The president subsequently asserted that there is “certainty” for investors in Mexico and that the ongoing validity of the USMCA will create “more certainty.” She cited foreign investment inflows as evidence of the current existence of certainty. Indeed, foreign direct investment in Mexico hit a record high of almost US $23.6 billion in the first quarter of 2026.
Sheinbaum highlighted that the United States hadn’t taken the decision to withdraw from the USMCA, which any of the three countries can do by providing six months’ notice to their trade partners.
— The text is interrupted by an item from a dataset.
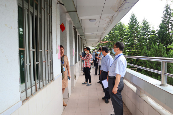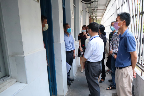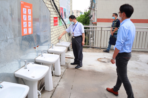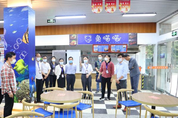 陳錦輝院長一行自高蓋山校區(qū)起,先后步行至學(xué)院南區(qū)、北區(qū)。途中,深入學(xué)院11個教學(xué)系,對學(xué)生宿舍、學(xué)生食堂、教工食堂、教學(xué)樓等重點區(qū)域進行仔細檢查,并認真聽取了各系、各工作組負責(zé)人關(guān)于疫情防控及開學(xué)準備情況的匯報。
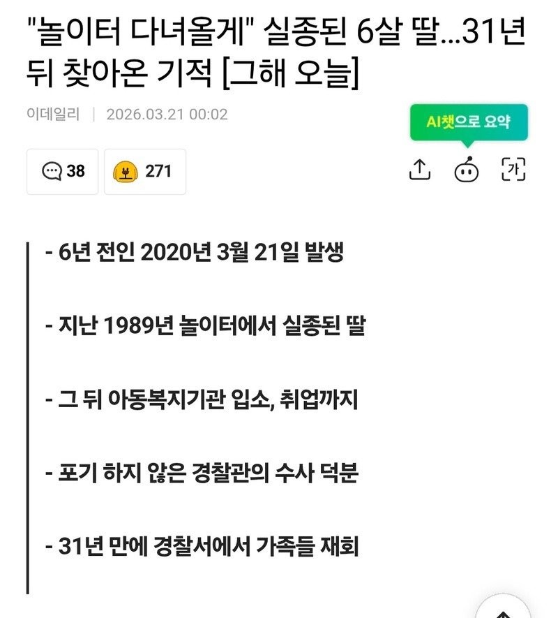 "놀이터 다녀올게" 실종된 6살 딸…31년 뒤 찾아온 기적 [그해 오늘]

She reiterated her view that the trade pact — which governs annual trade of around US $2 trillion — has benefits for all three signatories.
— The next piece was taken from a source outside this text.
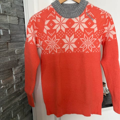 Ulvang ullgenser for dame i størrelse S. Genseren er grønn og laget av 100 % ull. Den har høy hals, lange ermer og ribbestrikkede kanter nederst og på ermene. På ermene er det tommelhull med kontrastfarge. Egner seg som mellomlag eller ytterste lag ved kjøligere vær. Vaskes på ullprogram etter anvisning på vaskelappen.

Ebrard asserted that investment in Mexico could increase given that the USMCA remains in force and that Mexico and the United States have a “common agenda” to reduce the reliance on imports from outside North America.
He also said that 85% of Mexico’s exports to the United States enter the country tariff-free as they comply with USMCA rules.
Sheinbaum says there is high demand for Olinia, Mexico’s home-grown EV
Sheinbaum told reporters that the government has completed the design phase for the Olinia EV — a prototype of which was unveiled last month — and is now in the production stage.
“The objective is for there to be mixed investment, that it isn’t a vehicle made only by the Mexican state,” she said, explaining that there will be a “kind of tendering process” to find private companies to assist the production, distribution and sale of the Olinia, which is slated to have a starting price of 150,000 pesos (US $8,575).
Sheinbaum asserted that there is “a lot of demand” for the Olinia, “not just from governments, but also from people who like the vehicle.”